Graphics adapters, sometimes referred to as graphics controllers, are known which enhance the performance of display systems such as laptop computers, desktop computers, portable computing units and other devices. Graphics controller chips are increasingly employed to accommodate digital video from DVD sources, cable television, and other video sources wherein the video is displayed along with graphics information on a computer screen. In a multimedia system this may allow users to both watch movies, and perform other computer functions simultaneously.
Video signals such as NTSC format signals utilize vertical blanking regions (e.g. vertical blanking intervals) to contain non-active video data such as closed-caption data and other data as known in the art. Graphics controller chips are known that have video capture circuits to suitably capture video data received through an analog or digital video decoder. Video decoders are known that generate ancillary data blocks (ANC) which may include for example audio data or other data. The ancillary data is typically included in the vertical blanking interval. Once the video and ancillary information is obtained, a host processor typically analyzes the vertical blanking interval data and ancillary data to determine what the data is and then subsequently presents the data properly on a display device.
Video decoders are known that partially decode vertical blanking interval data and insert the encoded vertical blanking information into the horizontal blank regions in the form of ancillary data so that the host processor need not do as much decoding and processing, thereby improving the performance of the system. This may become particularly important where multi-tasking is required by the host processor.

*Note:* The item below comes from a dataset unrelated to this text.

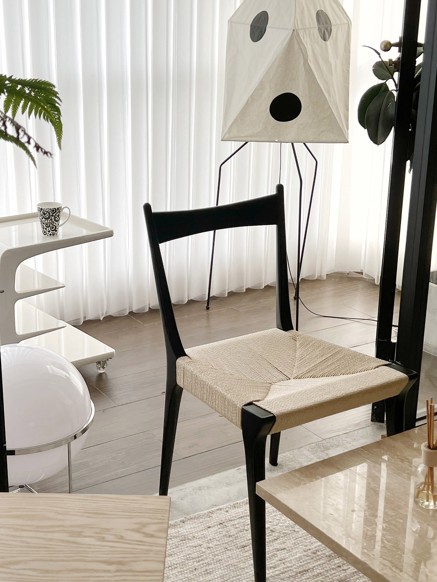 The whole frame is beech solid wood mortise and tenon structure, strong and durable. Dabao solid color paint coating, strong scratch resistance. Cowhide paper rope braided seat surface, with good tear strength, flexible and strong, water resistance is not easy to deform.
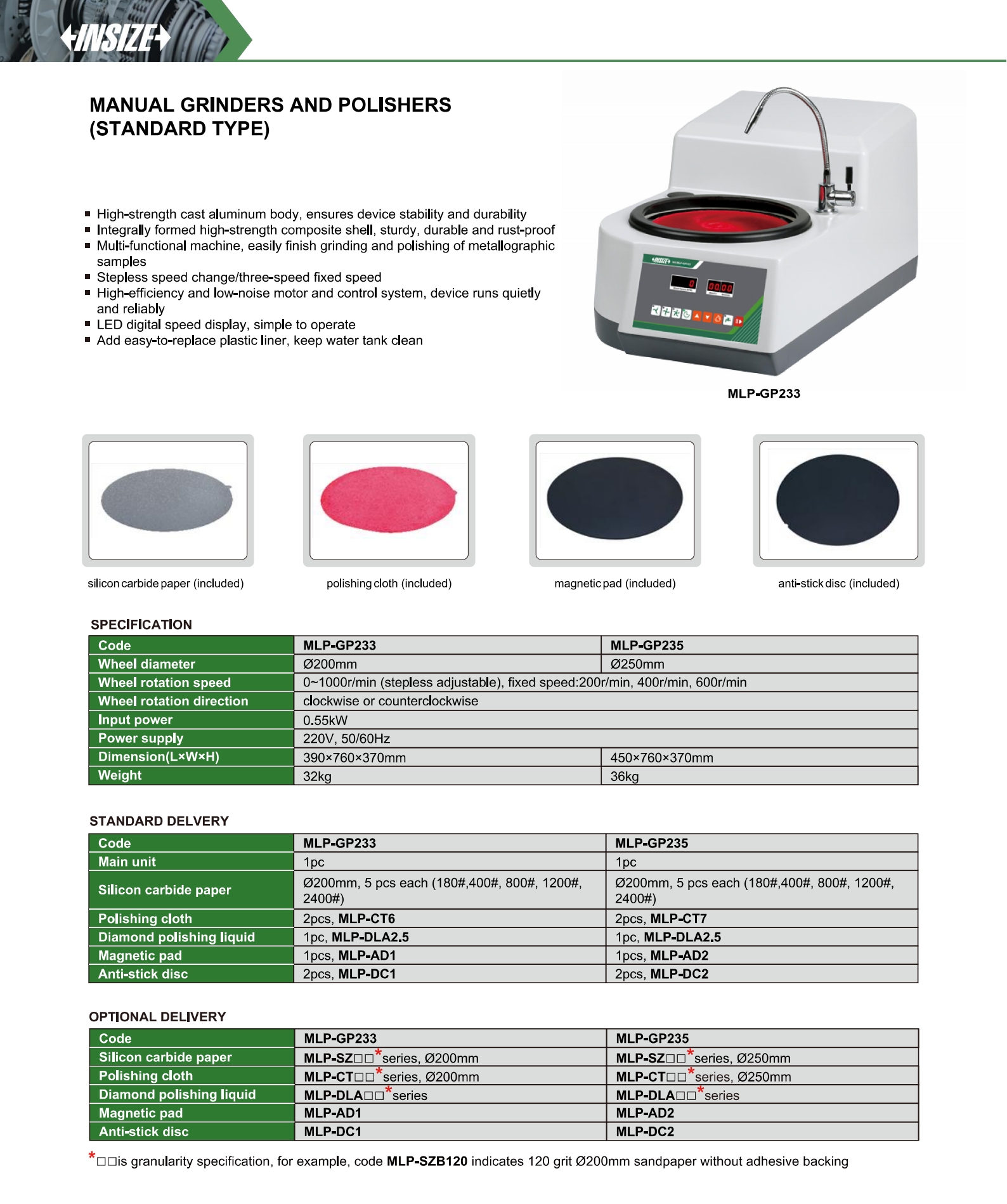 | MLP-GP235 | manual | single | Ø250mm | 0~1000r/min, 200r/min, 400r/min, 600r/min |

Also known are single port video chips, separate single port audio chips and single port VBI chips. A problem can arise with separate single port digital video and audio capture circuits since such circuits have to accommodate separate types of data such as video data, audio data, and other digital data, such as ancillary data embedded as part of a vertical blanking interval. Each type of data typically needs to be captured and routed to a proper processing engine or display unit in an efficient manner, otherwise the loss of data can occur. For example, where the video data may be a live feed, any loss of information will result in an unacceptable display quality due to missing data.
Also, if systems use separate decoders for audio data and/or ancillary data, it may be possible to pass the decoded audio directly to a speaker to guarantee that the information is not lost. However, such information may not necessarily be in synchronization with received video. Although such a system may not require writing of audio information to a frame buffer or other storage device, it may risk nonsynchronization of audio and video during display. Hence, storage of some data may be present.
Multiport capture circuits can sometimes afford improved performance by allowing different ports to receive and process different types of data. However, such multiport capture circuit can require additional circuitry that adds cost and size to an integrated circuit.
Consequently, there exists a need for a single port digital video and/or audio capture circuit that accommodates the processing of vertical blanking interval data, such as closed-caption data, audio data, or any other suitable data. It would desirable if such a single port capture circuit and method would be employed in a graphics chip that could interface with a host processing unit to help reduce the loading on the host processor.